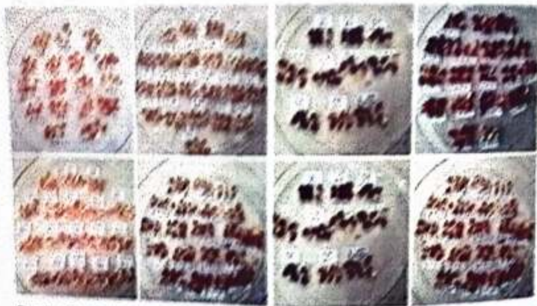
Gambar 2. Hasil analisis kandungan amilopektin dan genotipe jagung lokal generasi BC3(F1). Jagung Lokal Manokwari dan Pulut: (1) Anggi Merah BC3, (2) Anggi Putih BC3, (3) Kebar Merah BC3, (4 & 8) Pulut, (5) Anggi Lokal, (6) Kebar Lokal, dan (7) Prefi Lokal

Genotipe Anggi Merah BC3(F1) endosperminya sudah 117% berwarna orange, diikuti oleh genotipe Anggi Putih BC3(F1) (95,12%) dan Kebar Merah BC3(F1) (74,29%) (Gambar 2). Perentase endosperm yang berwarna orange dari 3 galur harapan jagung ketan lokal Manokwari generasi BC3(F1) dalam penelitian lebih tinggi bila dibandingkan dengan hasil penelitian Suarni (2005) yang mendapatkan hasil yaitu: Srikandi Putih (68,95%), Srikandi Kuning (69,86%), dan Anoman (70,08%). Hal ini menunjukkan bahwa 3 galur harapan jagung ketan lokal Manokwari sudah memiliki kandungan amilopektin yang tinggi.
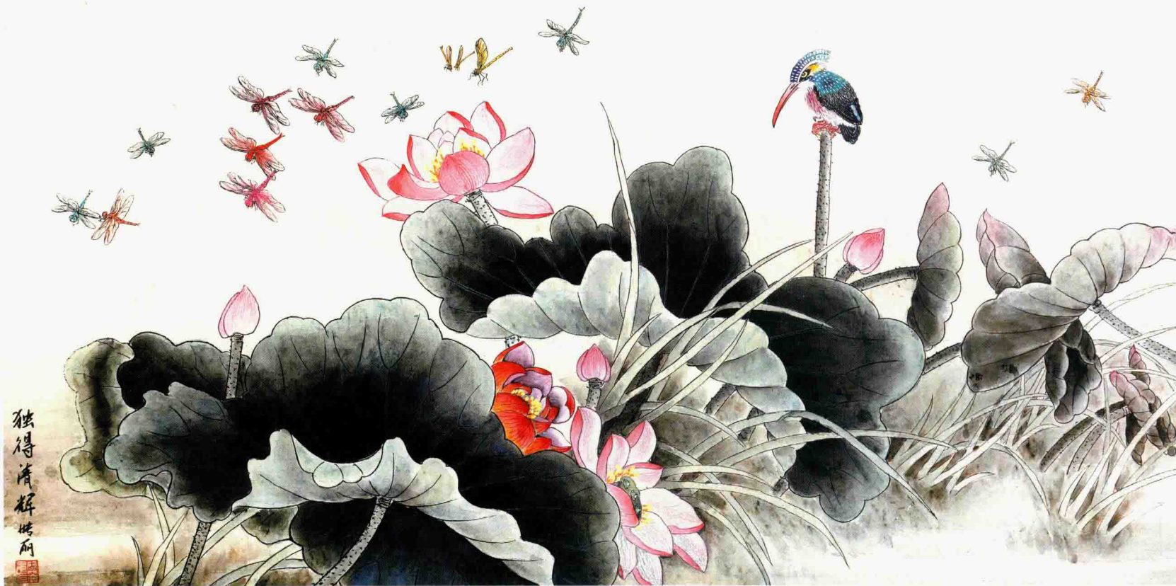
独得清辉 67cm×133cm 2009年
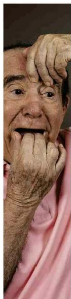
Renato Aragão, em entrevista: "A vida precisa de humor"
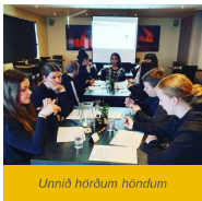
Unnið hörðum höndum

Ungmennaping SSNE fór fram í Mývatnssveit dagana 25. - 26. nóvember síðastliðinn. Þar voru saman komin um 30 ungmenni úr sveitarfélögum landshlutans og tókust á við áskoranir Heimsmarkmiða Sameinuðu þjóðanna, sem var jafnframt þema þingsins.
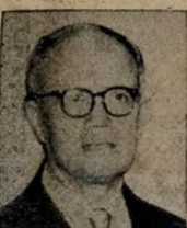
Governador José Américo a grandeza da terra comum. Não teve Vossa Excelência somente a preocupação de

tos de boas vindas e o nosso espontâneo e leal apoio às justas manifestações de regozijo com que o altivo povo parabaense festeja o regresso de Vossa Excelência da Metrópole da Fé, onde, com grande civismo, defendeu com todo o ardor patriótico, dedicação, persistência e amor parabaense, os magnos e inadiáveis problemas do nosso Estado. A Paraíba exulta de encontrada alegria e reconhecimento diante desse acontecimento porque acompanhou com inconfundível entusiasmo, todas as demarches por Vossa Excelência encetadas em relação ao encaminhamento e execução de vários problemas de máxima importância à vida econômica de nossa região. A permanência de Vossa Excelência na Capital Federal não constitui a viagem de tercio, como aconteceu em governos passados. Foi a ausência de dois meses, em cujo período os vitais problemas da Paraíba, tomaram-lhe todo precioso tempo, num afan constante, num esforço dinâmico e eficiente com a preocupação de fazer tudo pe-
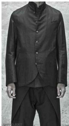
<Fig. 6> Ziggy Chen 2014 S/S

지기 첸은 2012년부터 2016년까지 현대와 클래식의 융합에 중점을 두고 패션에 동양적인 요소를 더 많
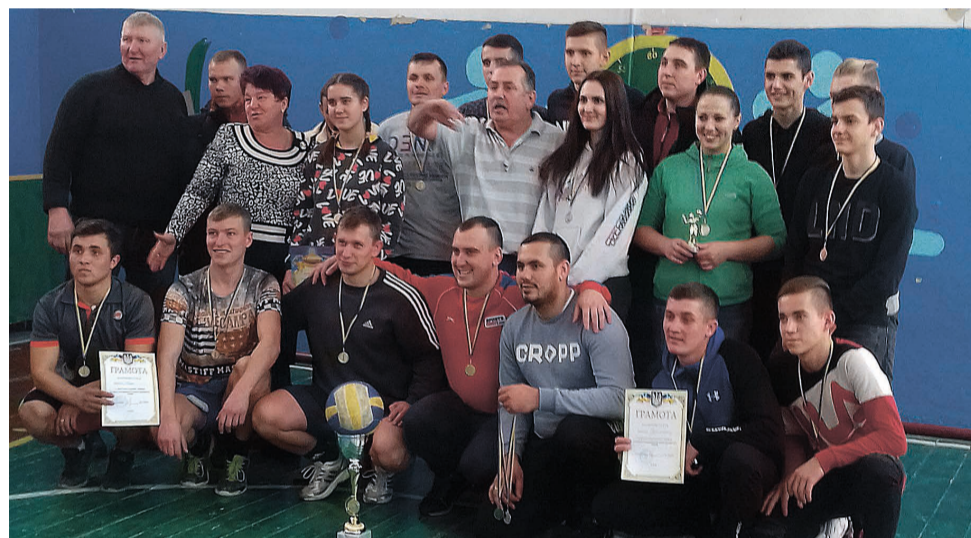
Фото на згадку: учасники команд після змагань.

1 грудня в Бірківському НВК відбулася першість громади з волейболу. Змагалися 4 команди з Бірок і Красногорівки. На жаль, у Білоцерківці, Балаклії та Подолі не вдалося сформувати команди для участі в змаганнях.
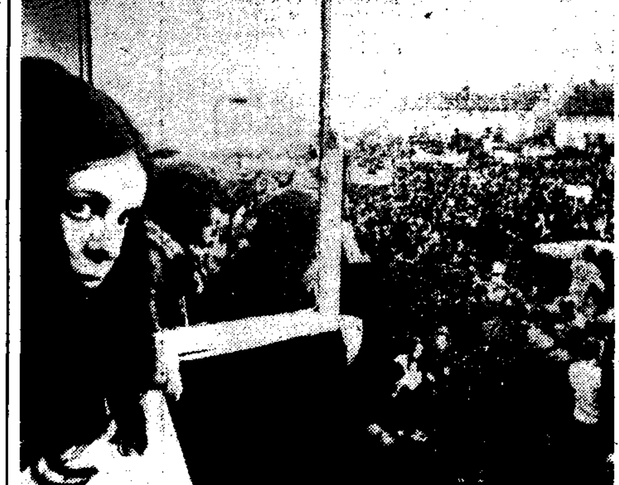
Η δυναμική βορειοηπειρωτική βουλευτίνα Μπριτανάντε Ντέβλιν, παρακολούθησε από ένα περσίδιο τό πύλη που συγκροτήθηκε για νά πέρασουν μέρος από τή μεγάλη διαδήλωση διαμαρτυρίας του Νιούρυ...
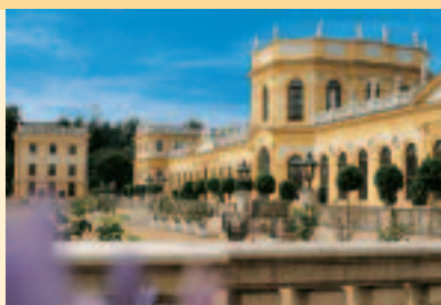
Orangerie in Kassel

Hessen, im Herzen Deutschlands, ist stolz auf rund 40 eindrucksvolle Zeugnisse aus 2.000 Jahren Bau- und Kunstgeschichte, vom Limes bis zum Landschaftspark im englischen Stil. Burgen, Schlösser und Parks sind dicht gesät, entführen mit ihrer Pracht in feudale Zeiten und spiegeln adligen Lebensstil authentisch wider. In Kassel lockt mit Schloss und Park Wilhelmshöhe, Staatspark Karlsaue und Löwenburg ein architektonisch und gartenkünstlerisch einmaliges Gesamtkunstwerk. Das Schloss in Bad Homburg vor der Höhe war die erste moderne Residenz nach dem Dreißigjährigen Krieg und beliebter Sommersitz der Hohenzollern. Einer der frühesten englischen Landschaftsparks in Deutschland ist in Hanau mit dem Staatspark Wilhelmsbad zu bewundern, eine 230-jährige Kuranlage wie aus dem Bilderbuch. Wiesbaden prunkt
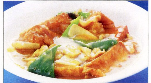
ジャシヤンドウフ 32 家常豆腐 揚げ豆腐のピリ辛煮込み 大 1,550 円 小 920 円
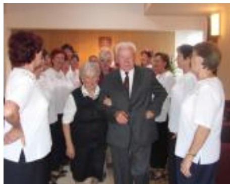
• Želáme Vám, aby slnko šťastia, ktoré vám svieti na spoločnú cestu životom už 60 krásnych rokov, nikdy nezapadlo.

Nechajme však hovoriť jubilatov: „V roku 1949 som nastúpil do textilky ako strojní mechanik. Nielen v dobe „šichy“ rozmýšľal ako pracovné operácie uľahčiť, urýchliť.. Predkladal som zlepšovacie návrhy a veru si ma aj všimli. Až do Hradca Králové som vycestoval prevziať rezortné vyznamenanie Najlepší pracovník od ministerstva ľahké-
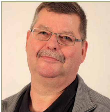
von Jürgen Fischer

Im Jahr 2019 beginnen die Tarifverhandlungen zur Einkommensrunde mit den Ländern zum TV-L (Tarifgemeinschaft deutscher Länder, TdL).
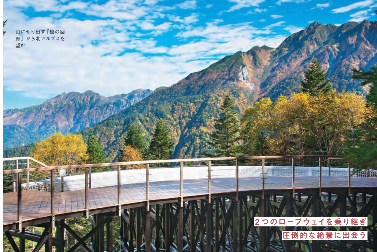
山にせり出す「槍の回廊」から北アルプスを望む

日本三名泉のひとつでもある下呂温泉や奥飛騨温泉郷など、30近い温泉地を有する岐阜県・飛騨地方。冷えた体を芯から温めてくれる温泉は、岐阜の魅力語るうえで外せません。
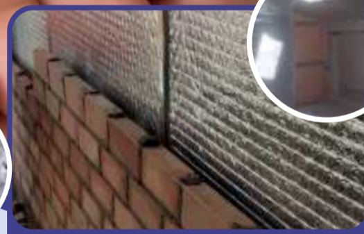
Paredes y trasdosados
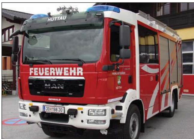
Taktische Bezeichnung: LFA Aufbaufirma: Fa. Seiwald
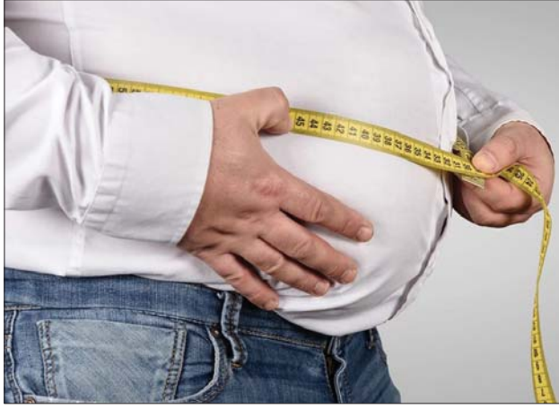
● البدينة فاه علاجه التمارين الرياضية

البدناء من خلال تنظيم برامج غذائية تناسب وضعهم الصحي وتمنع حياتهم، غير أنه لا يوجد عوائق اجتماعية تعيق عزيمة البدناء في رحلة التخلص من الوزن الزائد وخاصة النساء اللاتي يعانين من مشاكل السمنة والتقسيم الجمالية، مثل نظارة الوجه ولونه المائل للاحمرار .
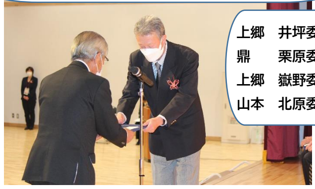
飯田市から4人の委員が、県の功労者表彰を受けました。
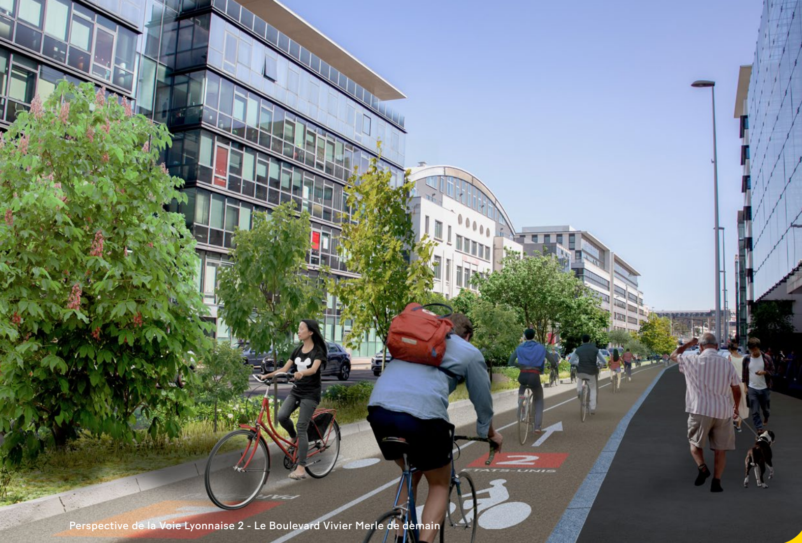
Perspective de la Voie Lyonnaise 2 - Le Boulevard Vivier Merle de demain

Task prompt: Exactly and only the lines from the top of the records down to the line containing "Unnið hörðum höndum" should be transcribed, please, without the pictures.

Written answer:
Gambar 2. Hasil analisis kandungan amilopektin dan genotipe jagung lokal generasi BC3(F1). Jagung Lokal Manokwari dan Pulut: (1) Anggi Merah BC3, (2) Anggi Putih BC3, (3) Kebar Merah BC3, (4 & 8) Pulut, (5) Anggi Lokal, (6) Kebar Lokal, dan (7) Prefi Lokal

Genotipe Anggi Merah BC3(F1) endosperminya sudah 117% berwarna orange, diikuti oleh genotipe Anggi Putih BC3(F1) (95,12%) dan Kebar Merah BC3(F1) (74,29%) (Gambar 2). Perentase endosperm yang berwarna orange dari 3 galur harapan jagung ketan lokal Manokwari generasi BC3(F1) dalam penelitian lebih tinggi bila dibandingkan dengan hasil penelitian Suarni (2005) yang mendapatkan hasil yaitu: Srikandi Putih (68,95%), Srikandi Kuning (69,86%), dan Anoman (70,08%). Hal ini menunjukkan bahwa 3 galur harapan jagung ketan lokal Manokwari sudah memiliki kandungan amilopektin yang tinggi.
独得清辉 67cm×133cm 2009年
Renato Aragão, em entrevista: "A vida precisa de humor"
Unnið hörðum höndum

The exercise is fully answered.